**WORK ORDER**
When you return the lines below, go from the first through the line with "Los crianceros recorren", keep them exact, and leave out every picture.

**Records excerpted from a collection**

= = = = =

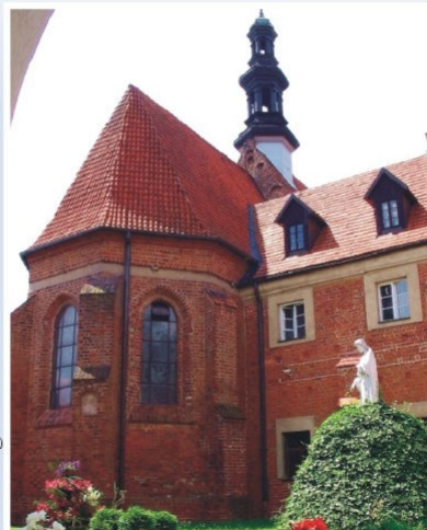
Kościół klasztorny w Kazimierzu Biskupim
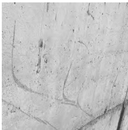
Рис.3 Участок №1

Все результаты исследований сведены в таблицу 1. Результаты измерений даны в МПа. Всего проведены испытания на каждом участке: прибором ИПС МГ4 – 12 испытаний; УКС МГ4 – 9 испытаний; ПОС 50МГ4 – 3 испытаний; керны – 4 шт. За результат были приняты средние значения.
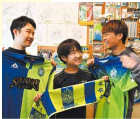
荒木兄弟の自宅にあるベルマーレグッズで埋め尽くされた一室で笑顔の3人

心待ちにしています。「学校で嫌なことがあっても、試合を応援するとリフレッシュできるんです。何があってもベルマーレを信じ続けたいです」と笑顔を見せます。
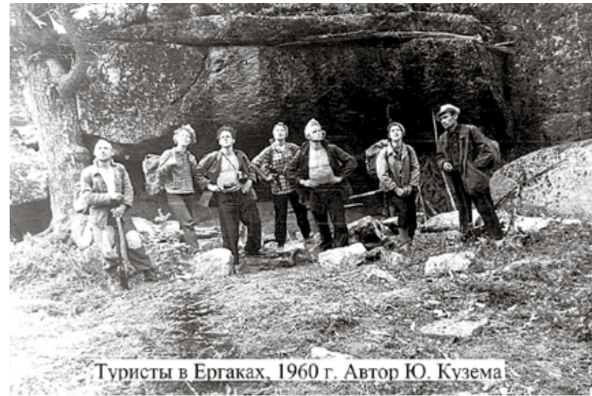
Туристы в Ергаках, 1960 г.

На конкурс принимаются черно-белые и цветные фотографии, снятые на территории современного природного парка «Ергаки» до 2004 года включительно. Каждый участник имеет право предоставить на Фотоконкурс не более 5 работ. Фотографии
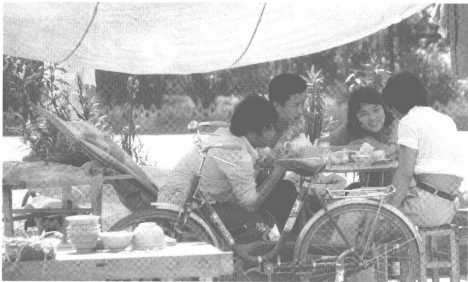
■ 1988年，海口东湖三角池的大学生饭店。
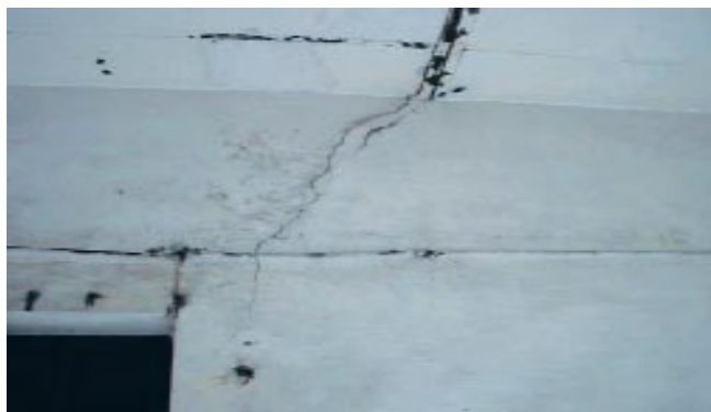
Detalle del cuadro fisurativo observado en una zona de estructura.

se deben definir minuciosamente las dimensiones exactas de cada uno de los elementos constructivos del inmueble.
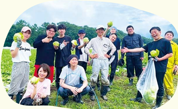
ワタミファーム東御農場で有機レタス収穫体験ツアー
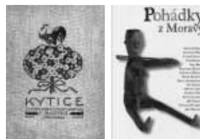
Kytice Františka Bartoše a Pohádky z Moravy
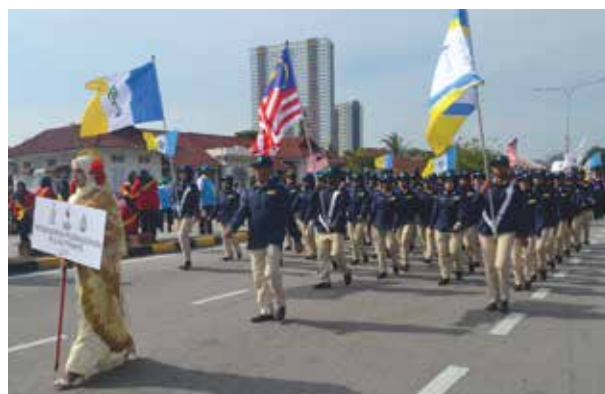
Perarakan sempena Hari Kemerdekaan ke-62
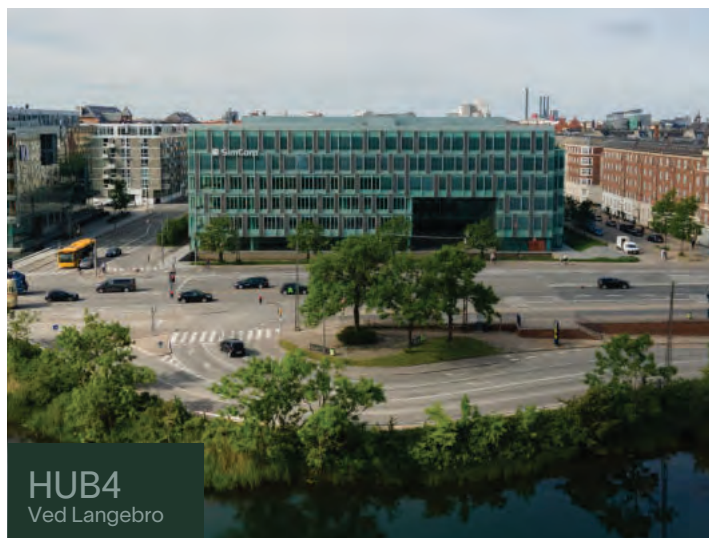
HUB4 Ved Langebro
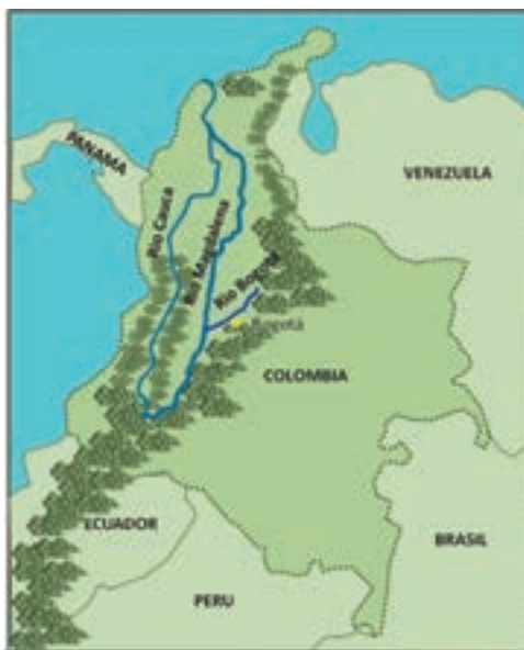
Mapa 1. Ríos San Francisco. y San Agustín.

Los ríos San Francisco y San Agustín pertenecen a la red hidrográfica que nace en los Cerros Orientales y que actualmente hace parte del sistema hídrico que abastece a la ciudad de Bogotá. Los predios en los que se encuentran los nacimientos de estos ríos y de los demás cuerpos de agua que nacen allí se encuentran bajo tutela de la Empresa de Acueducto, Alcantarillado y Aseo de Bogotá (EAB) y su manejo está a cargo de la dirección de abastecimiento de esta entidad. Sin embargo, los Cerros Orientales hacen parte de la Reserva Protectora Bosque Oriental de Bogotá, cuya administración depende de la Corporación Autónoma Regional de Cundinamarca (CAR).
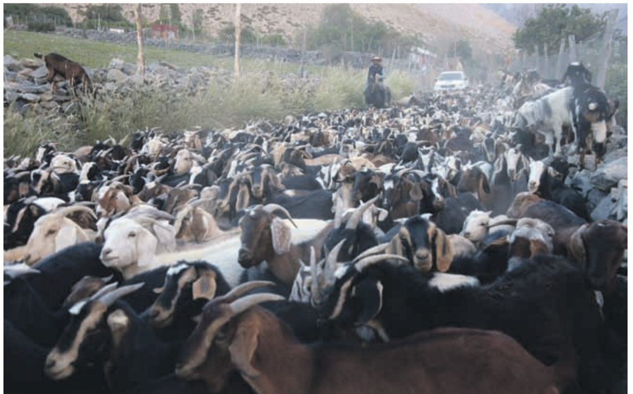
Los crianceros recorren más de 45 kilómetros con dirección la cordillera durante las veranadas.

Los crianceros atraviesan un camino de tierra, angosto y serpenteante, y de vez en cuando se encuentran con una casa de adobe, de algún inhóspito habitante de la comuna.

= = = = =

**REPLY TO THE TASK**
Kościół klasztorny w Kazimierzu Biskupim
Рис.3 Участок №1

Все результаты исследований сведены в таблицу 1. Результаты измерений даны в МПа. Всего проведены испытания на каждом участке: прибором ИПС МГ4 – 12 испытаний; УКС МГ4 – 9 испытаний; ПОС 50МГ4 – 3 испытаний; керны – 4 шт. За результат были приняты средние значения.
荒木兄弟の自宅にあるベルマーレグッズで埋め尽くされた一室で笑顔の3人

心待ちにしています。「学校で嫌なことがあっても、試合を応援するとリフレッシュできるんです。何があってもベルマーレを信じ続けたいです」と笑顔を見せます。
Туристы в Ергаках, 1960 г.

На конкурс принимаются черно-белые и цветные фотографии, снятые на территории современного природного парка «Ергаки» до 2004 года включительно. Каждый участник имеет право предоставить на Фотоконкурс не более 5 работ. Фотографии
■ 1988年，海口东湖三角池的大学生饭店。
Detalle del cuadro fisurativo observado en una zona de estructura.

se deben definir minuciosamente las dimensiones exactas de cada uno de los elementos constructivos del inmueble.
ワタミファーム東御農場で有機レタス収穫体験ツアー
Kytice Františka Bartoše a Pohádky z Moravy
Perarakan sempena Hari Kemerdekaan ke-62
HUB4 Ved Langebro
Mapa 1. Ríos San Francisco. y San Agustín.

Los ríos San Francisco y San Agustín pertenecen a la red hidrográfica que nace en los Cerros Orientales y que actualmente hace parte del sistema hídrico que abastece a la ciudad de Bogotá. Los predios en los que se encuentran los nacimientos de estos ríos y de los demás cuerpos de agua que nacen allí se encuentran bajo tutela de la Empresa de Acueducto, Alcantarillado y Aseo de Bogotá (EAB) y su manejo está a cargo de la dirección de abastecimiento de esta entidad. Sin embargo, los Cerros Orientales hacen parte de la Reserva Protectora Bosque Oriental de Bogotá, cuya administración depende de la Corporación Autónoma Regional de Cundinamarca (CAR).
Los crianceros recorren más de 45 kilómetros con dirección la cordillera durante las veranadas.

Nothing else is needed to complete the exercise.